In the year 1818 parents wishing to ensure their children grew into virtuous adults and free from vice, were given a new tool, in the form of a board game. To give it, its full name: The New Game of Virtue Rewarded and Vice Punished, For the Amusement of Youth of Both Sexes, was a game invented by Thomas Newton and published by William Darton. It sought in the words of its inventor to ‘promote the progressive improvement of the juvenile mind and to deter them from pursuing the dangerous paths of vice.


NWHCM : 1956.133.21: The New Game of Virtue Rewarded and Vice Punished for the Amusement of Youth of Both Sexes

The game is laid out as a spiral of circular pictures each numbered and given a title, either a vice such as ‘anger’ or ‘sloth’ or a virtue such as ‘temperance’ or ‘faith’. The game was played with a teetotum which was an early form of dice. Interestingly the teetotum was chosen as dice were associated with gambling which was obviously seen as a vice.

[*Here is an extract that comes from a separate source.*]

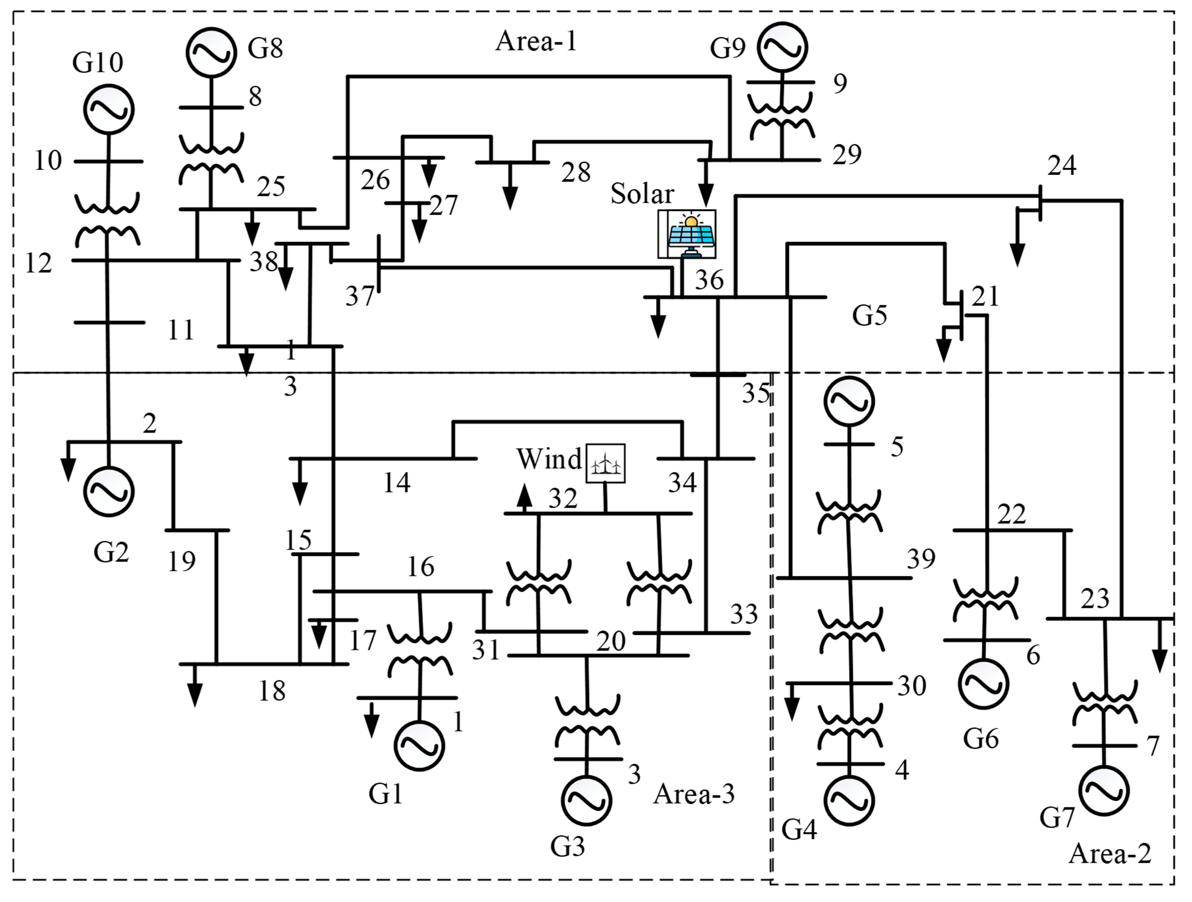Figure 19. IEEE-39 bus system [32].

NWHCM : 1975.390.10: Pair of Teetotum from Strangers’ Hall collection

The game commences on the House of Correction square and ends with the winner reaching the 33rd and final square ‘Virtue’. There are however pitfalls along the way, for instance if you have the misfortune of landing on square 17 ‘carelessness’ your punishment is to return to square 2 ‘prudence’. Virtuous behaviour is rewarded as the pious (square 24) are rewarded with a jump up to temperance (square 31).


Square 1, the House of Correction. A place to be avoided.

What interests me about the game is what it tells us about how attitudes to good and bad or vice and virtue have changed in the 200 years since the game was published. Much of what the game has to teach is compatible with modern notions of vice and virtue. We all surely agree that truth and friendship are to be admired whilst hypocrisy and malice are to be disapproved of.

However there are some notable differences, luxury for example is presented as a sin. Do we still consider luxury a sin in the 21st century or is it something to aspire to? Regardless of your answer to this question, one thing is certain – even those of modest means enjoy luxuries in our lives that our 19th century counterparts could only dream of.


Luxury, depicted as a well fed man enjoying a large feast.

Whether the game was successful in achieving its intended aims is uncertain. I do think there is a certain irony in using a game of chance to teach children about the importance of choosing the correct path in life. So much of life is purely down to chance and the path we end up on does sometimes feel like it was decided by the throw of a dice or the spin of a teetotum.